Below this line are records; write out exactly the lines from the one containing "Une adresse devant" through the one containing "The exterior sheathing", with the pictures left out.

== Data under study ==

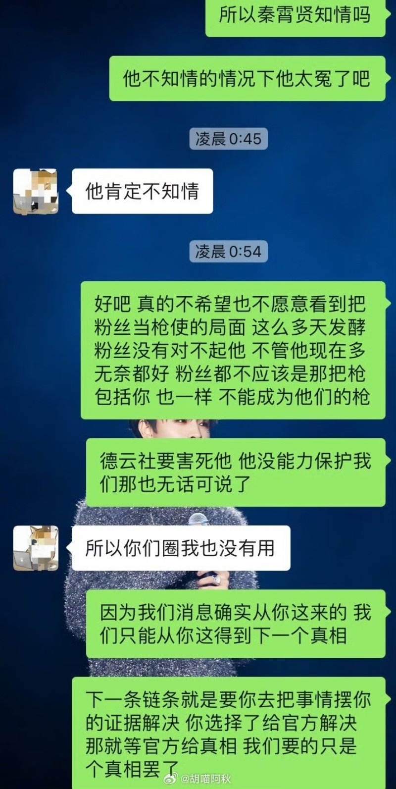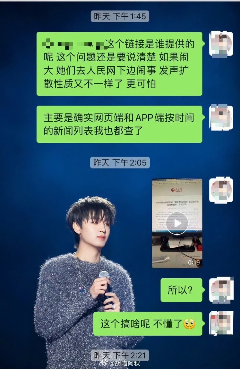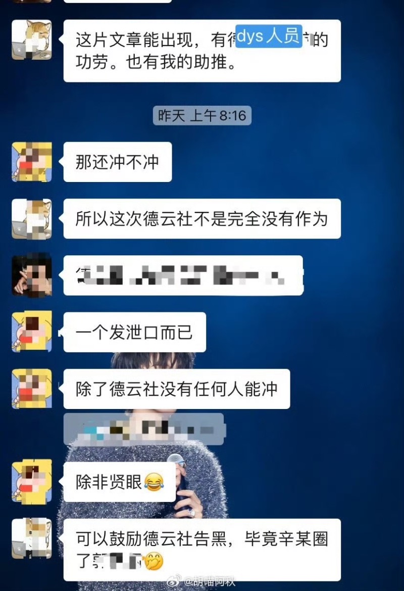網站被質疑造假後去詢問大粉,但大粉表示是xxx提供(名字被馬賽克,但另一個爆料截圖顯示是秦霄賢經紀人)粉絲開始質疑是德雲社設下的圈套👇
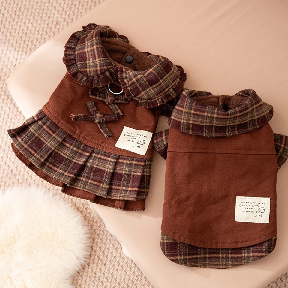 New autumn and winter dog clothes- Maillard Checkered Couple Outfits- Teddy Dresses- Dog Hoodies.
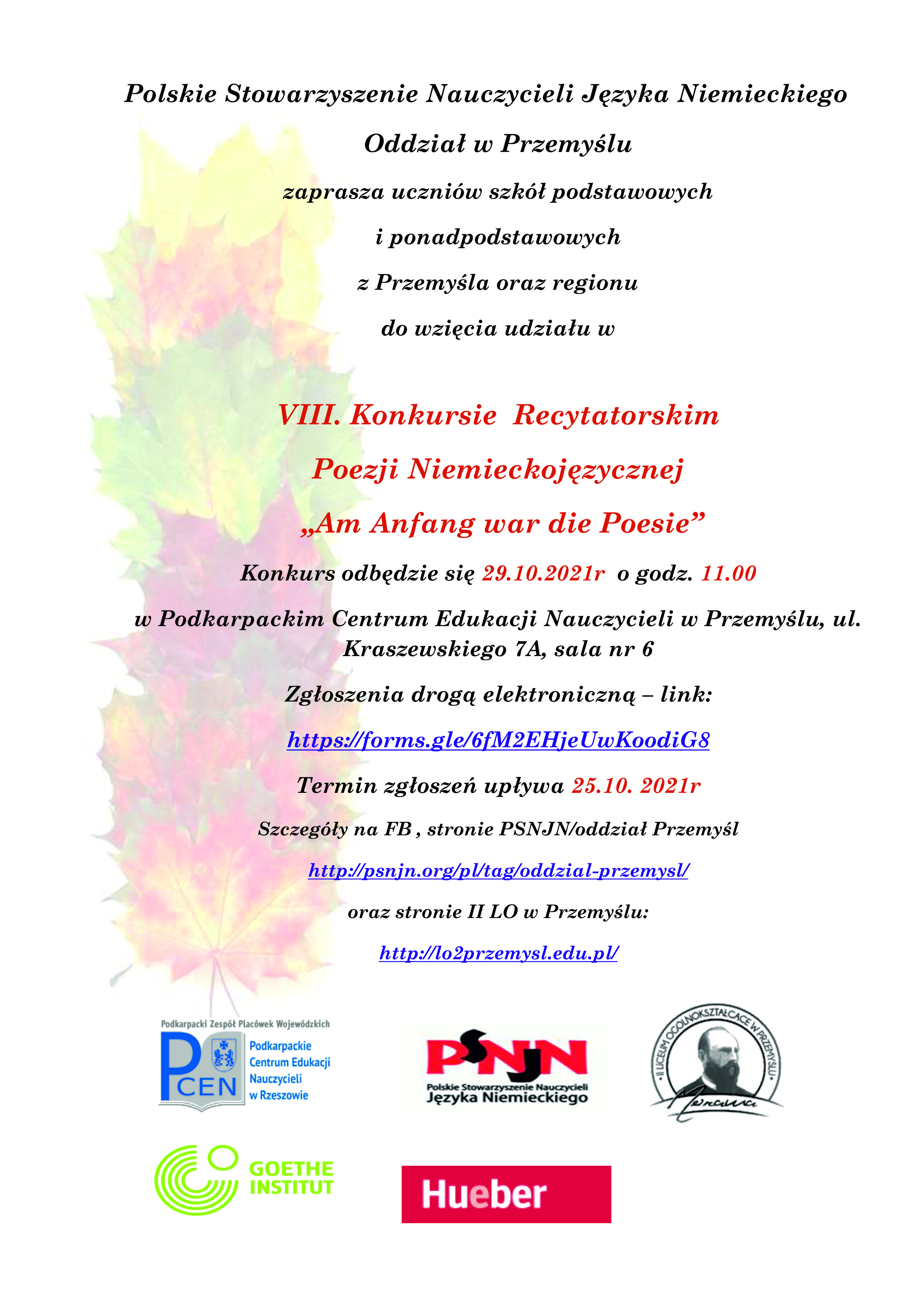 Konkurs odbędzie się 29.10.2021r w PCEN Oddział w Przemyślu, ul. Kraszewskiego 7a.
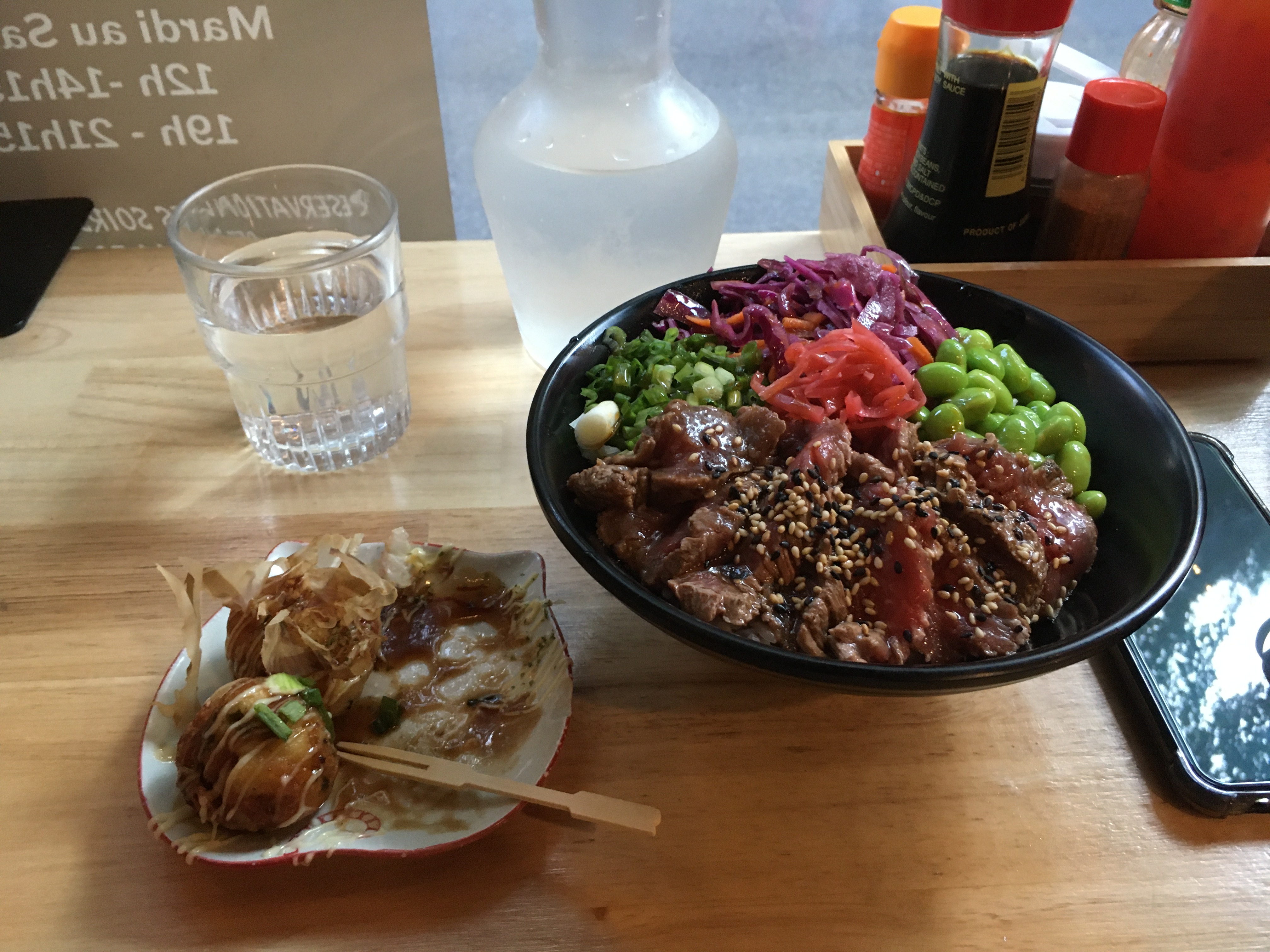 Une adresse devant laquelle je suis passée un nombre incalculable de fois, toujours voulu tester... eh bien c'est fait, et je ne suis pas déçue ! C'est une petite adresse avec une toute petite salle (mais ils font aussi à emporter), très chaleureux, et une serveuse adorable, très accueillante et arrangeante 😊 Et ce n'est pas tout, car les mets y sont tout simplement délicieux ! 😱 - Takoyaki 🐙 ou 🧀 à se damner ; - Donburi au Tataki de Saumon 🐟 ; - Ramen au Tofu... Je n'ai pas testé les mochis car je n'avais tout simplement plus de place !! Options végé disponibles 😊 Franchement, merci pour ce moment de délices !!
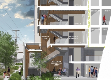 The exterior sheathing joints will be taped to reduce air leakage, saving energy by limiting the amount of conditioned air that is lost. The building's elevator and central stair will be outside of the building to reduce the amount of interior space that needs to be conditioned.
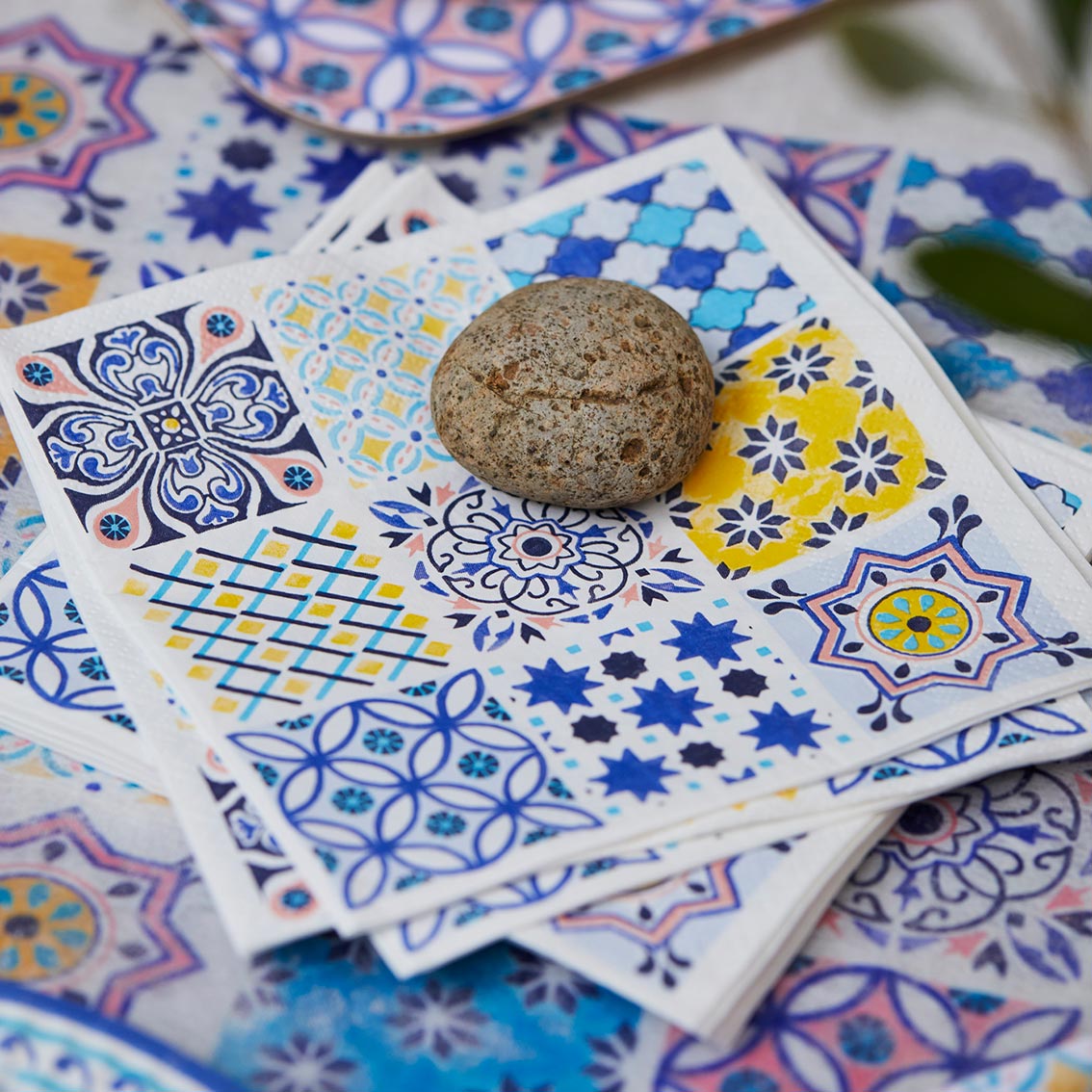 Pack de 20 servilletas Souk Blue Summer de Talking Tables. Inspiradas en los patrones brillantes y audaces que se ven en los zocos marroquíes, estas servilletas de papel azul seguramente serán un tema de conversación en su mesa de verano, ya sea un picnic, una barbacoa o una fiesta de cumpleaños de verano. Mejor aún, priorizamos que nuestros productos sean ecológicos y hemos diseñado estas servilletas desechables y sus envases para que no contengan plástico y sean reciclables.

===

Result:
 Une adresse devant laquelle je suis passée un nombre incalculable de fois, toujours voulu tester... eh bien c'est fait, et je ne suis pas déçue ! C'est une petite adresse avec une toute petite salle (mais ils font aussi à emporter), très chaleureux, et une serveuse adorable, très accueillante et arrangeante 😊 Et ce n'est pas tout, car les mets y sont tout simplement délicieux ! 😱 - Takoyaki 🐙 ou 🧀 à se damner ; - Donburi au Tataki de Saumon 🐟 ; - Ramen au Tofu... Je n'ai pas testé les mochis car je n'avais tout simplement plus de place !! Options végé disponibles 😊 Franchement, merci pour ce moment de délices !!
 The exterior sheathing joints will be taped to reduce air leakage, saving energy by limiting the amount of conditioned air that is lost. The building's elevator and central stair will be outside of the building to reduce the amount of interior space that needs to be conditioned.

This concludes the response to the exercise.